Birçok kuruluş, fidye yazılımlarının genellikle hırsız kötü amaçlı yazılım bulaşmalarının doğrudan bir sonucu olduğunu gözden kaçırır. Siber suçlular, saldırıları gerçekleştirmek için açıktaki cihazlardan çekilen bilgileri kullanır ve bu da, sağlam bir güvenlik stratejisi için uygun kötü amaçlı yazılım düzeltmesini zorunlu hale getirir.
Daha da kötüsü, kuruluşlar bulaşmayı önlemek için yenilikçi çözümler ve taktikler uygularken, evden çalışma politikalarına sahip şirketler ve kurumsal uygulamalara erişmek için BYOD veya kişisel cihazlar kullanan çalışanlar genellikle yeni kötü amaçlı yazılım fırsatları yaratır.
Bu sessiz tehdide karşı mücadele etmek için kuruluşların, darkweb etkinliğini hesaba katan ve genellikle bilinmeyen ve geçici kötü amaçlı yazılım bulaşmalarına karşı daha fazla görünürlük sağlayan yeni, daha kapsamlı bir düzeltme sürecine ihtiyacı var.
Kötü Amaçlı Yazılım Ortamı Gelişiyor
Kötü amaçlı yazılımın tespit edilmesinin zor olmasının bir nedeni, bir cihazın güvenliği ihlal edildiğinde çok az gösterge olmasıdır.
Örneğin, bir çalışan yanlışlıkla infostealer kötü amaçlı yazılımını tutan bir bağlantıya tıklarsa, kötü amaçlı yazılım yüklenebilir, verileri sifonlayabilir ve 5 ila 10 saniye içinde kendini kaldırabilir ve bulaşma kanıtı çok az kalır veya hiç kalmaz.
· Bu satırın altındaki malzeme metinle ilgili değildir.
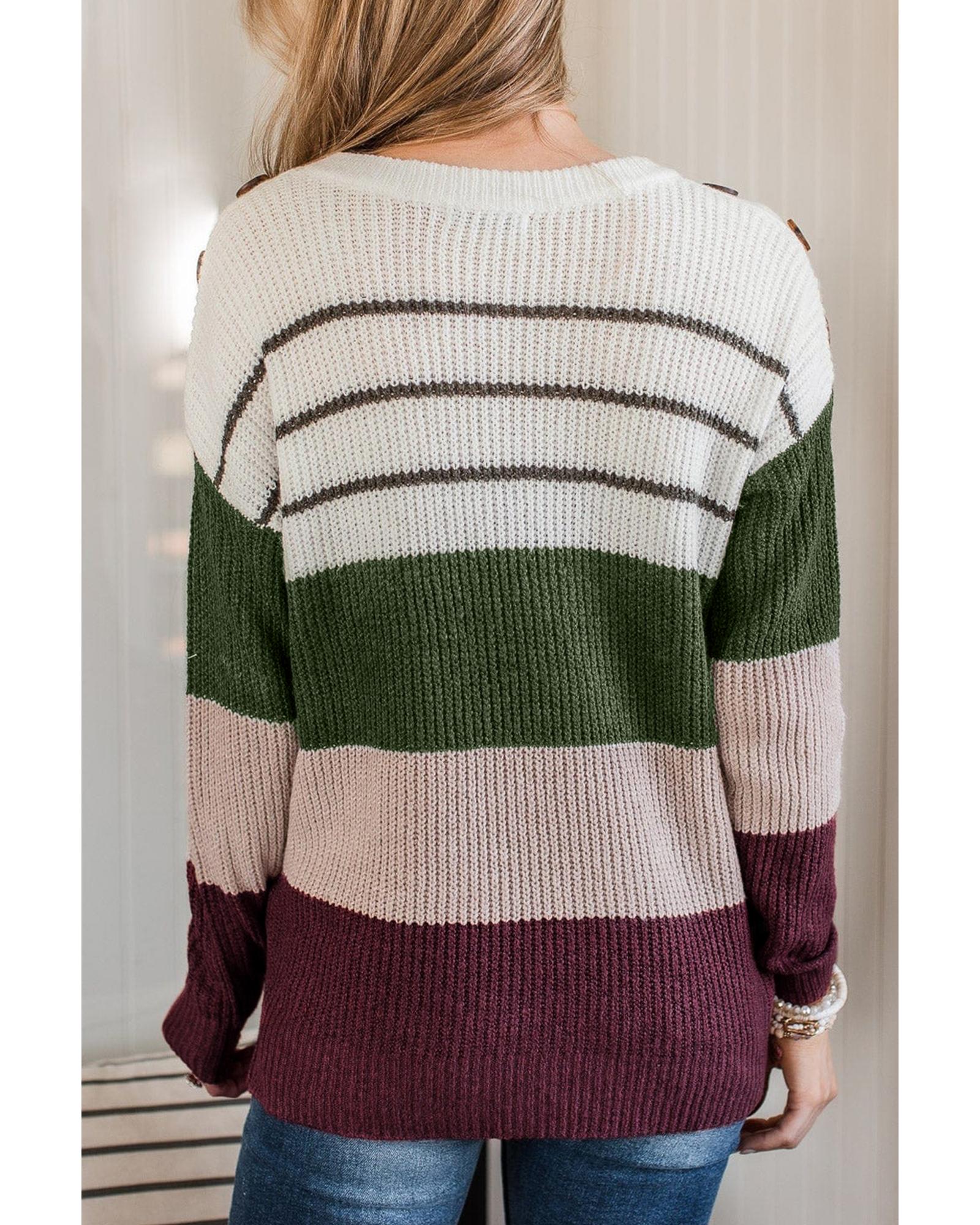 Green Color Block Striped Buttoned Shoulder Split Sweater – XL

Birkaç saniye içinde, çalışanın kimlik bilgileri ve oturum tanımlama bilgileri siber suçluların eline geçer.
Aynı şekilde, RedLine Stealer kötü amaçlı yazılımı gibi popüler bilgi hırsızları genellikle kimlik avı e-postaları, sosyal medya yorumlarındaki bağlantılar, kötü amaçlı reklamcılık veya kötü amaçlı YouTube “eğiticileri” aracılığıyla dağıtılır. Farkında olmayan bir çalışan kötü amaçlı yazılımı indirirse, kötü aktörler, çalınan kimlik bilgilerini ve verileri kullanıcının kimliğine bürünmek için kullanmakta özgürdür ve bu da şüpheli olarak tanımlanma ihtimallerini azaltır.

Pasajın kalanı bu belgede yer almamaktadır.